WNJN-FM
- Atlantic City, New Jersey; United States;
- Frequency: 89.7 MHz
- Branding: WHYY

Programming
- Format: Public radio
- Affiliations: NPR; Public Radio Exchange; American Public Media;

Ownership
- Owner: WHYY, Inc.

History
- First air date: May 1997
- Call sign meaning: New Jersey Network (former owner)

Technical information
- Licensing authority: FCC
- Facility ID: 48483
- Class: A
- ERP: 25 watts horizontal; 6,000 watts vertical;
- HAAT: 83 m (272 ft) horizontal; 84 m (276 ft);
- Transmitter coordinates: 39°27′40.4″N 74°41′4.5″W﻿ / ﻿39.461222°N 74.684583°W

Links
- Public license information: Public file; LMS;
- Webcast: Listen live
- Website: whyy.org

= WNJN-FM =

Public radio station in New Jersey

WNJN-FM (89.7 FM) is a radio station licensed to Atlantic City, New Jersey.

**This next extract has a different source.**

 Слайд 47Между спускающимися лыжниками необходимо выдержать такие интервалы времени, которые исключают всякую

The station is owned by WHYY, Inc., and simulcasts the public radio news and talk programming of WHYY-FM in Philadelphia, Pennsylvania.

==History==

The station was formerly owned and operated by the New Jersey Network (NJN). NJN's radio network began operation May 20, 1991, when WNJT-FM in Trenton signed on. Eight other stations would be established over the following seventeen years.

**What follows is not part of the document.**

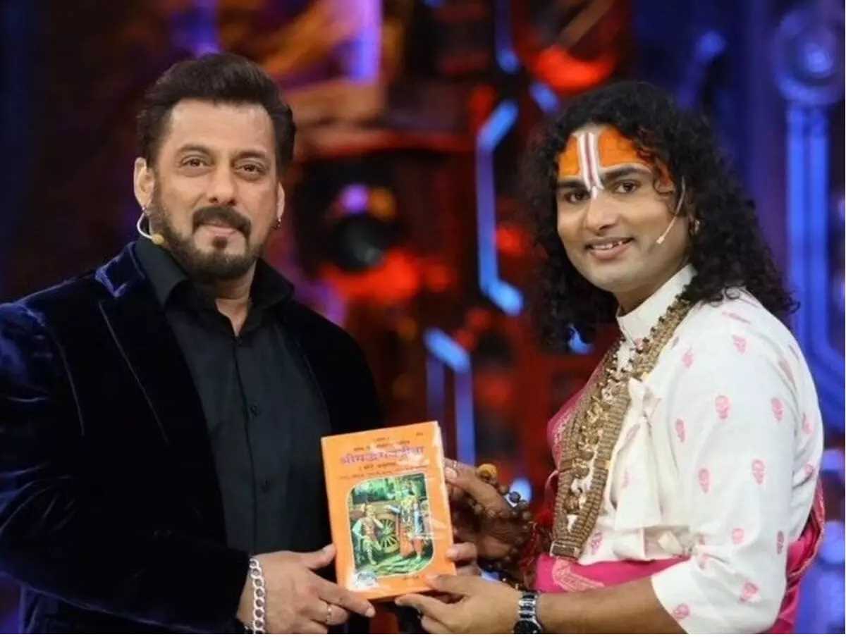 शो के सेट पर पहुंचे अनिरुद्धाचार्य महाराज ने बॉलीवुड सुपरस्टार सलमान खान को गीता भेंट की।

On June 6, 2011, the New Jersey Public Broadcasting Authority agreed to sell five FM stations in southern New Jersey to WHYY. The transaction was announced by Governor Chris Christie, as part of his long-term goal to end State-subsidized public broadcasting. WHYY assumed control of the stations through a management agreement on July 1, 2011, pending Federal Communications Commission (FCC) approval for the acquisition; at that point, the stations began to carry the WHYY-FM schedule.